At the end of FY2081/82, Nepal's commercial banks are holding excessive liquidity, as the Credit-to-Deposit (CD) ratio dropped to an average of 76.18%, with some banks operating well below this figure. The lowest CD ratio was recorded by Rastriya Banijya Bank at just 62.59%, reflecting vast availability of lendable funds.
As per NRB data, commercial banks collected deposits worth NPR 5.755 trillion and disbursed loans totaling NPR 4.571 trillion by the end of Ashadh 2082. Throughout the fiscal year, deposits grew by NPR 776 billion, while loans increased by only NPR 403 billion.
🔍 Key Observations:
Global IME Bank saw the highest deposit growth of 70.16%, while NIC Asia Bank experienced a decline of 36.05%.
Global IME also led in credit growth at 49.86%, whereas Kumari Bank, Standard Chartered, and NIC Asia reported a decrease in their credit books.
Prime Commercial Bank recorded the highest CD ratio at 83.39%.
Rastriya Banijya Bank (62.59%), Prabhu Bank, and Standard Chartered Bank have CD ratios below 70%, indicating conservative lending positions.
Under the current monetary policy, banks are allowed to lend up to 90% of their total deposits (as per CD ratio norms).
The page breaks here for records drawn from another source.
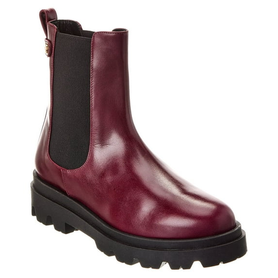 About the brand: Luxury leather goods with Italian roots. Alma Leather Boot in bordo leather and gold-tone hardware with logo accent and pull-on tab Elasticized slip-on style Lightly padded leather insole Rubber sole with traction 2in heel 1.5in platform 6.5in shaft 10in boot circumference Please note: All measurements are approximate and were taken from a size 8; slight variations may occur. Made in Italy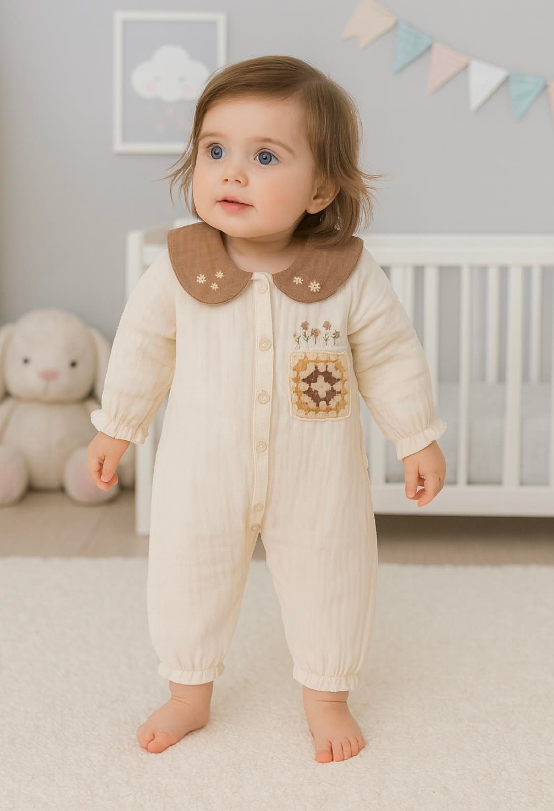 Örgü Cepli Çift Kat Müslin Kumaş Tulum-KREM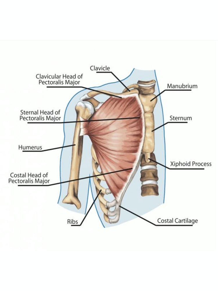 When discussing the upper chest, we’re only talking about one muscle: pectoralis major. However, the pec major consists of three distinct portions of muscle fibers, called heads, and the way they’re arranged determines their function (i.e., the mechanics you need to use to develop them). From the top down, the sections of the pec are: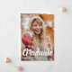 Modern studenten-meddelandekort med ett textöverlägg med "student" i ett tjockt skript tillsammans med student namn, klassår och high school namn över ditt favoritfoto med fullt-utfall. Baksidan har ett fyrkantigt foto (för totalt två bilder) tillsammans med ditt personlig-meddelande i svartvitt. Detta enkla annonskort är ett underbart sätt att fira ditt barns prestation och nyheterna med familj och vänner.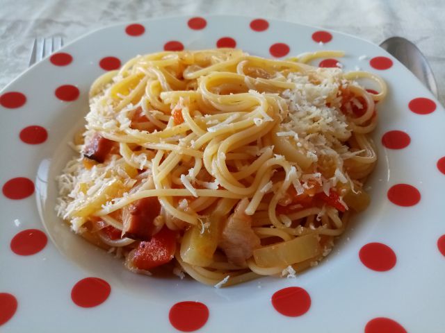 Bo pa zdajle pozno kosilo: špageti z mesno -. korenčkovo omako, rezine kumarice, rahlo posoljene.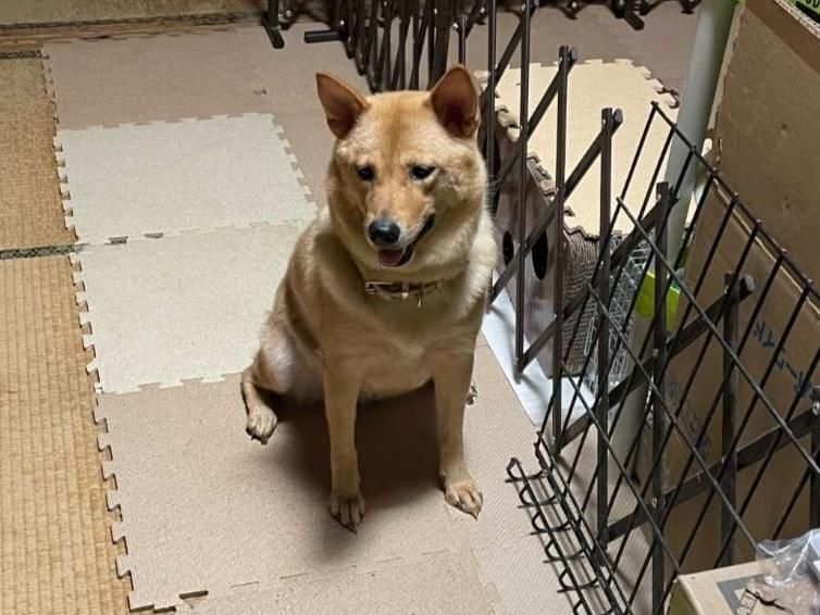 中型の柴の雑種です、白い擦り切れた首輪をしています

This replaced the older CCD ratio framework from FY2078/79.
Although banks have ample liquidity, their lending capability is constrained by capital adequacy limits. Governor Maha Prasad Paudel, in the FY2082/83 monetary policy, indicated regulatory easing for banks looking to raise capital—interpreted by analysts as a green light for issuing rights shares.
🧮 What is CD Ratio?
The CD ratio includes not just customer deposits but also:
Core capital
Long-term foreign currency borrowings
Refinancing funds from NRB
Excludes interbank deposits and bond liabilities
Despite sufficient CD and LD ratios, capital adequacy pressure is keeping credit growth subdued, even when market liquidity is abundant.